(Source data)
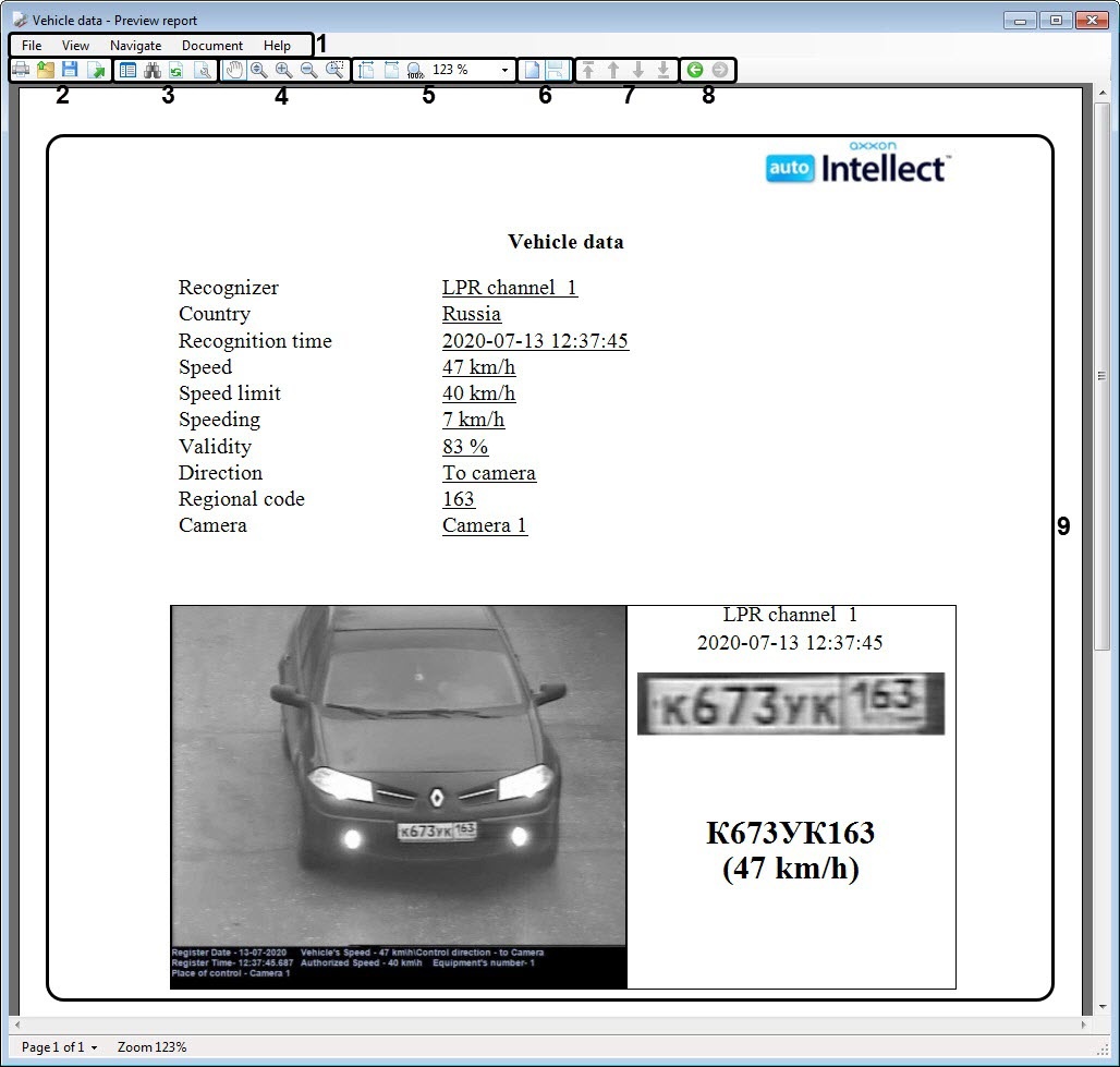 6 | Selecting the mode of displaying the report (page-by-page, nonstop page-by-page). |
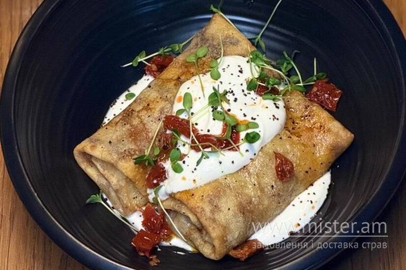 Кремінь Млинці з дичиною, в`яленими томатами та копченою сметаною
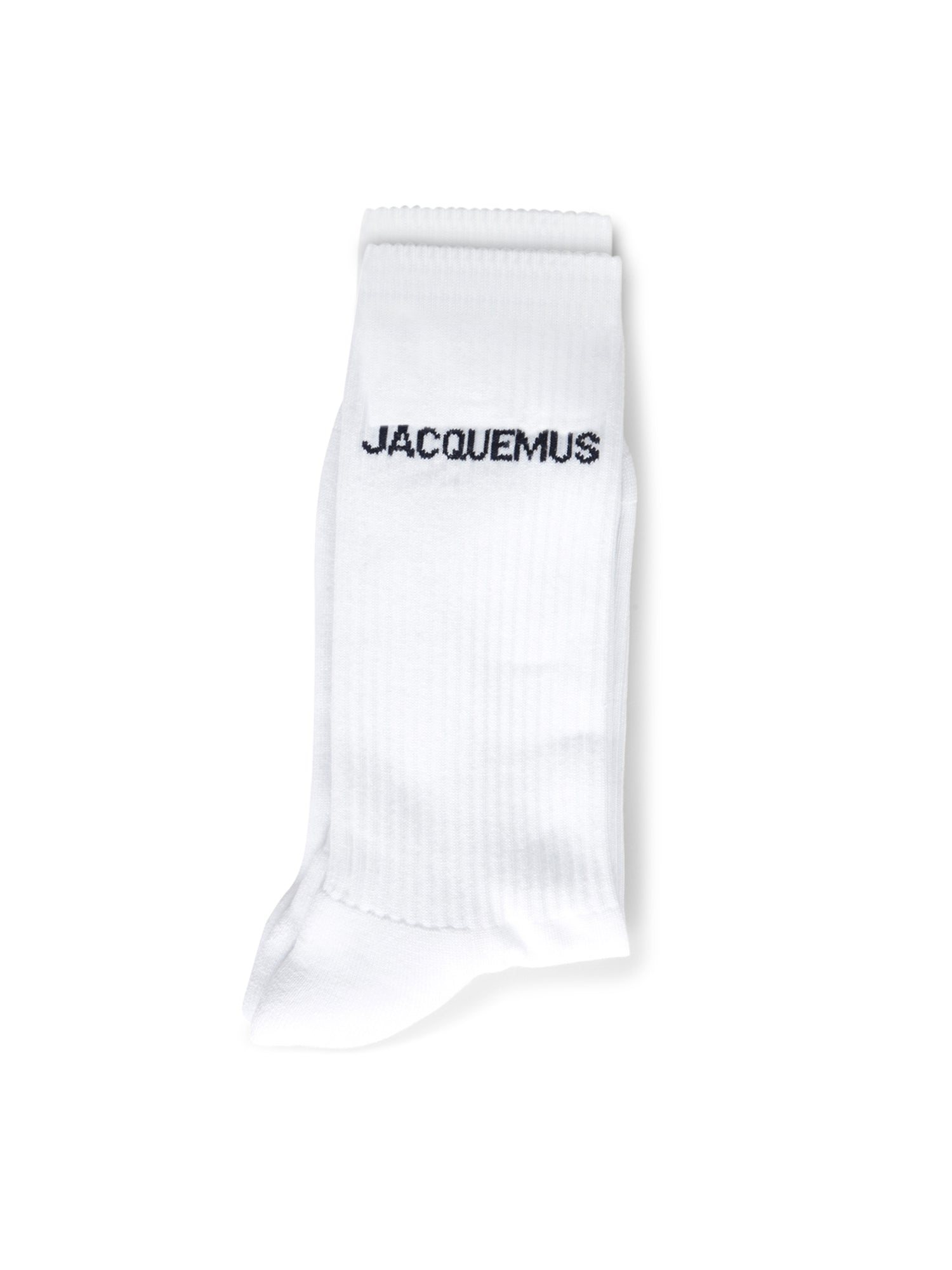 White socks featuring black Jacquemus logo. Reinforced toe and heel. Stretch at calf.
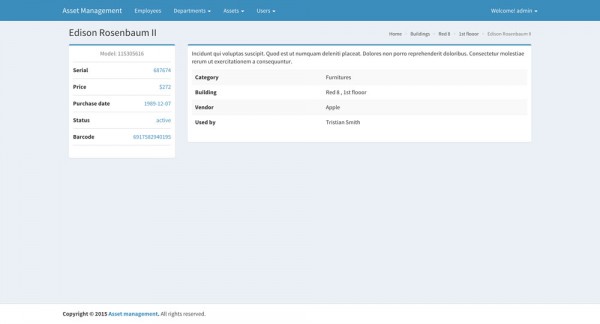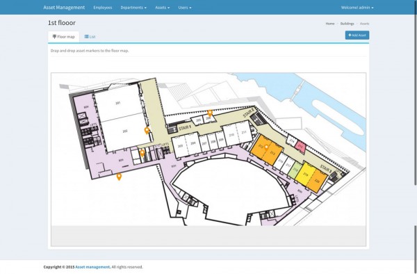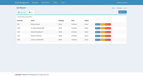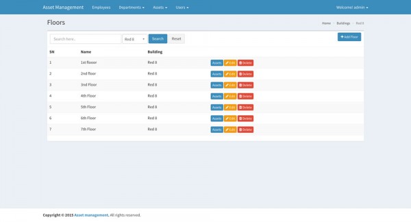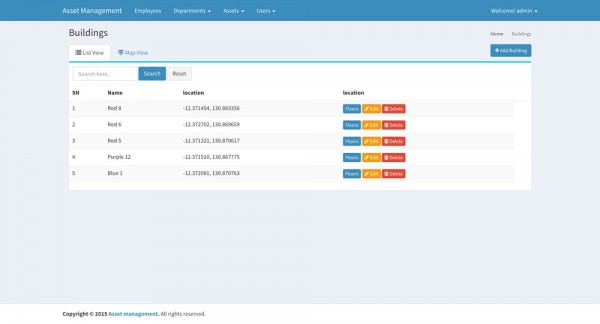 Asset management app is made with Laravel and Mysql. This project helps client to find assets on each building with floor plan. Assets has visuals of where exactly it is located with a cool feature of floor diagram.
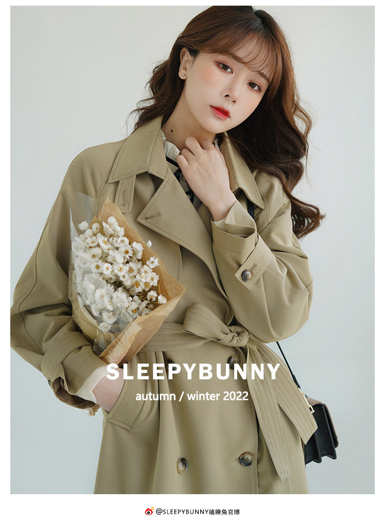 瞌睡兔 Весенний плащ для отдыха, куртка, в британском стиле, яркий броский стиль, по фигуре, подходит для подростков, средней длины
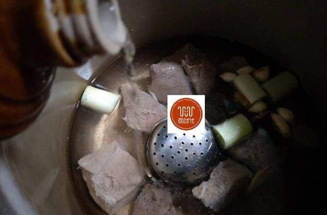 6、鍋內倒入能沒過牛肉的清水,放入調料盒,蒜,薑,蔥段,冰糖。
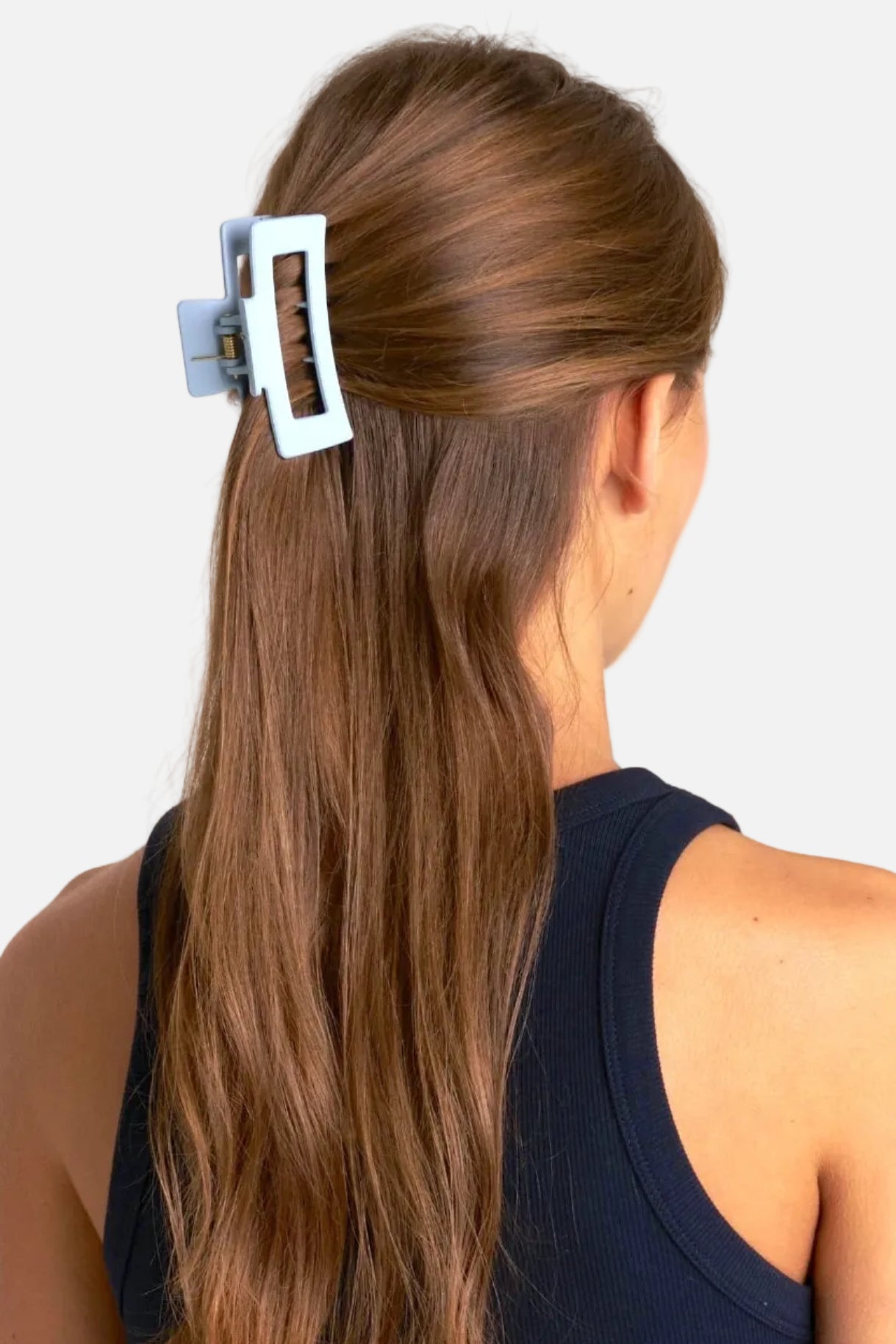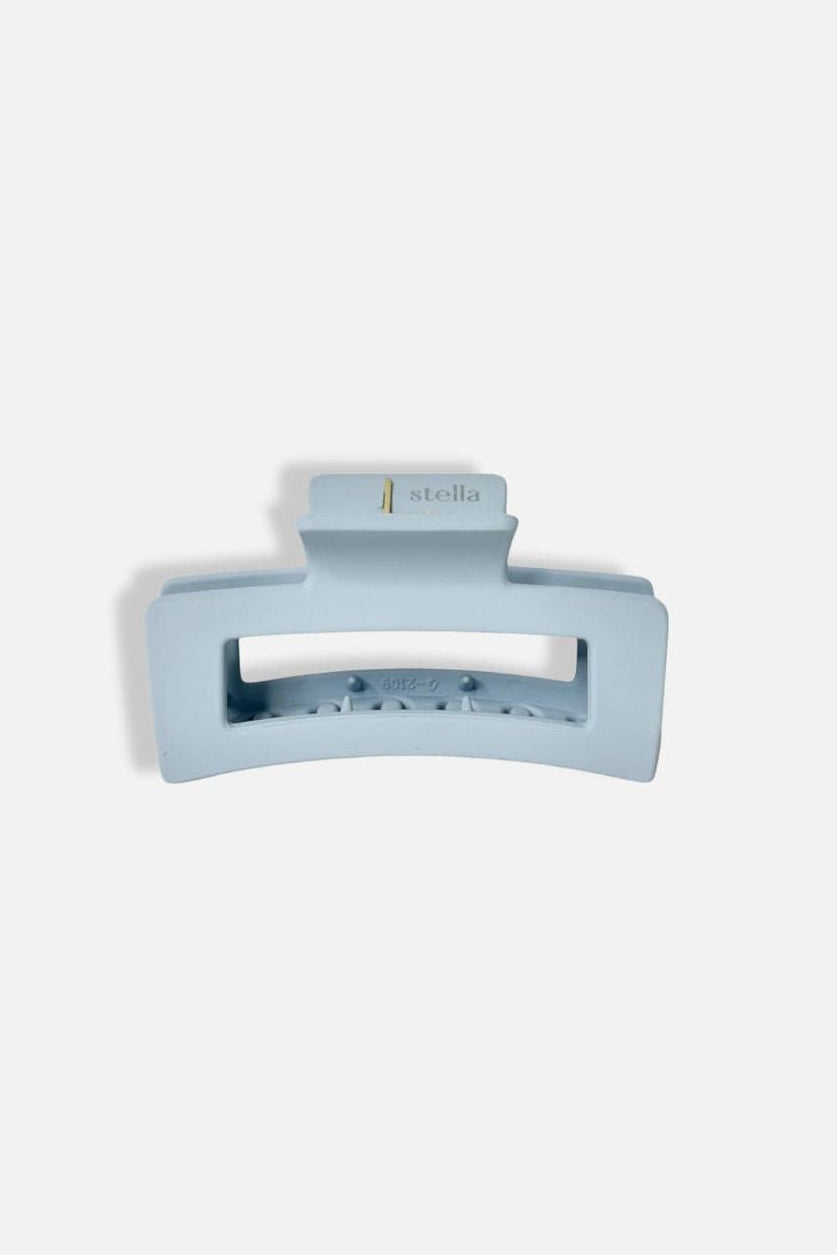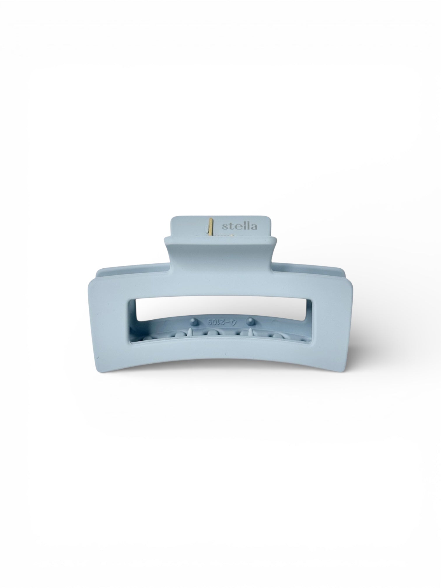 En mellanstor hårklämma med en matt blå finish – enkel, stilren och skapad för att sitta riktigt stadigt. Den klassiska formen tillsammans med de små piggarna på insidan ger ett extra bra grepp som håller håret på plats hela dagen.

• Work request: Give all the records again, exactly, without images.

• Problem solution:
 6 | Selecting the mode of displaying the report (page-by-page, nonstop page-by-page). |
 Кремінь Млинці з дичиною, в`яленими томатами та копченою сметаною
 White socks featuring black Jacquemus logo. Reinforced toe and heel. Stretch at calf.
 Asset management app is made with Laravel and Mysql. This project helps client to find assets on each building with floor plan. Assets has visuals of where exactly it is located with a cool feature of floor diagram.
 瞌睡兔 Весенний плащ для отдыха, куртка, в британском стиле, яркий броский стиль, по фигуре, подходит для подростков, средней длины
 6、鍋內倒入能沒過牛肉的清水,放入調料盒,蒜,薑,蔥段,冰糖。
 En mellanstor hårklämma med en matt blå finish – enkel, stilren och skapad för att sitta riktigt stadigt. Den klassiska formen tillsammans med de små piggarna på insidan ger ett extra bra grepp som håller håret på plats hela dagen.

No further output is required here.